Cansada de rezar a Santo Antônio, a jovem balzaquiana
quebrou a imagem de gesso e apelou para outro protetor. Chamou para uma
séria conversa o seu anjo da guarda e deu-lhe um ultimato:
estipulou um prazo para conhecer o futuro marido: o último dia de maio.
Sucederam-se os dias - ela ia conhecendo pessoas
no trabalho, no clube, nas lidas diárias. A cada encontro, casual que
fosse, perguntava-se: será este? - e pedia ao anjo um sinal, que
tardava.
Chegado o último dia de maio, eis que na sua
sala está o vizinho, velho conhecido de infância, a pedir emprestado o
jornal.
O anjo atendera enfim às suas preces. Era ele!
Claro que, antes de ser marido, dev
eria
ser namorado, e como fosse ele seu namorado (embora ele ainda não o
soubesse), ela corou, fez-se tímida, sorriu o mais encantador dos
sorrisos e desmanchou-se em gentilezas - café, biscoitos, música...

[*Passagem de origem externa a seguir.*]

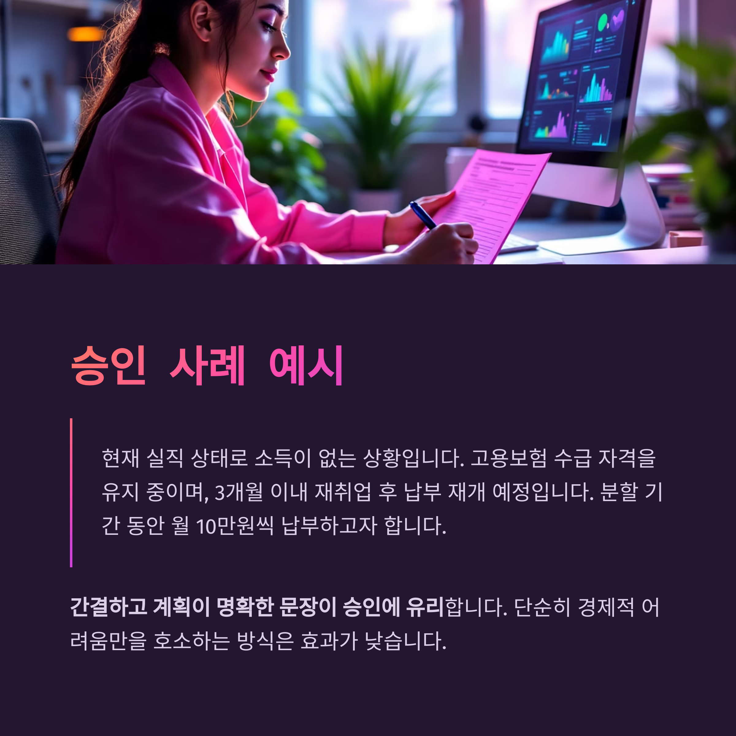셋째, 신청서 작성 시 "향후 납부 계획"을 구체적으로 적는 것이 중요합니다.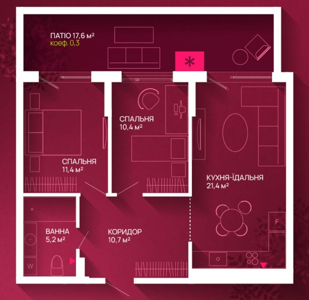 Продаж 2х кімнатної квартири з патіо в новобудові в центрі міста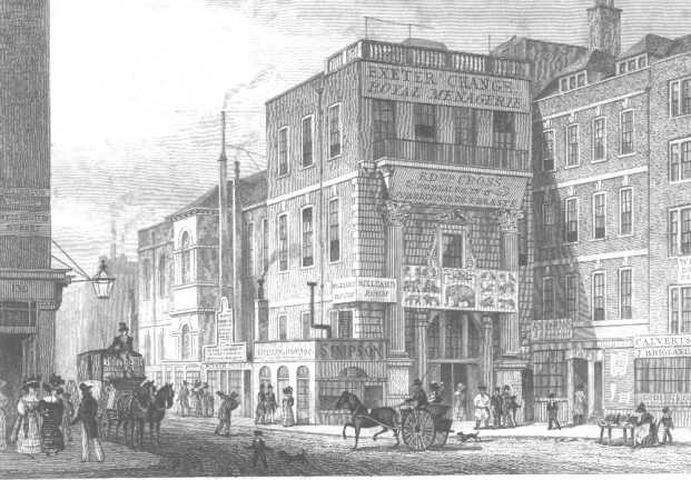 Burley Street (now Burliegh Street still exists today). The house, later known as Exeter Exchange was demolished in 1827.

E como fosse ele seu namorado (embora ele ainda não o
soubesse), ela o convidou para o almoço de domingo e decorou a casa com
flores e deixou o baralho bem à vista, um convite para prolongarem a
tarde preguiçosa.
E como fosse ele seu marido (embora ele
ainda não o soubesse), ela confiou nele, confidenciou-lhe as idéias
mais secretas, contou-lhe seus sonhos.
E como fosse ele seu marido (embora futuro, e
embora ele ainda não o soubesse), ela abandonou-se mulher, como um
fruto maduro de outono a ofertar a polpa saborosa e nutritiva.
Ele a colheu tão naturalmente que ela nem percebeu
em que momento exato a vida penetrou em suas entranhas, demoliu seus pré-conceitos
e lançou-a em chamas em seus braços acolhedores de homem.
E não que ela quisesse fazer-se de moderna,
contrariar os rígidos princípios de sua educação católica ou mudar
o seu comportamento, porque, afinal, nos dias de hoje etc... - é que,
como fosse ele seu marido (embora futuro e embora ele ainda não o
soubesse), ela despetalou-se, flor, e esparramou-se em ondas sobre o
leito.
E o milagre aconteceu.
E hoje, sendo ele de fato de papel passado o seu
marido bem amado, uns olhos de feiticeira piscam para ela com malícia
do outro lado do espelho e lhe confessam, despudorados, que o anjo da
guarda não teve nada a ver com a história.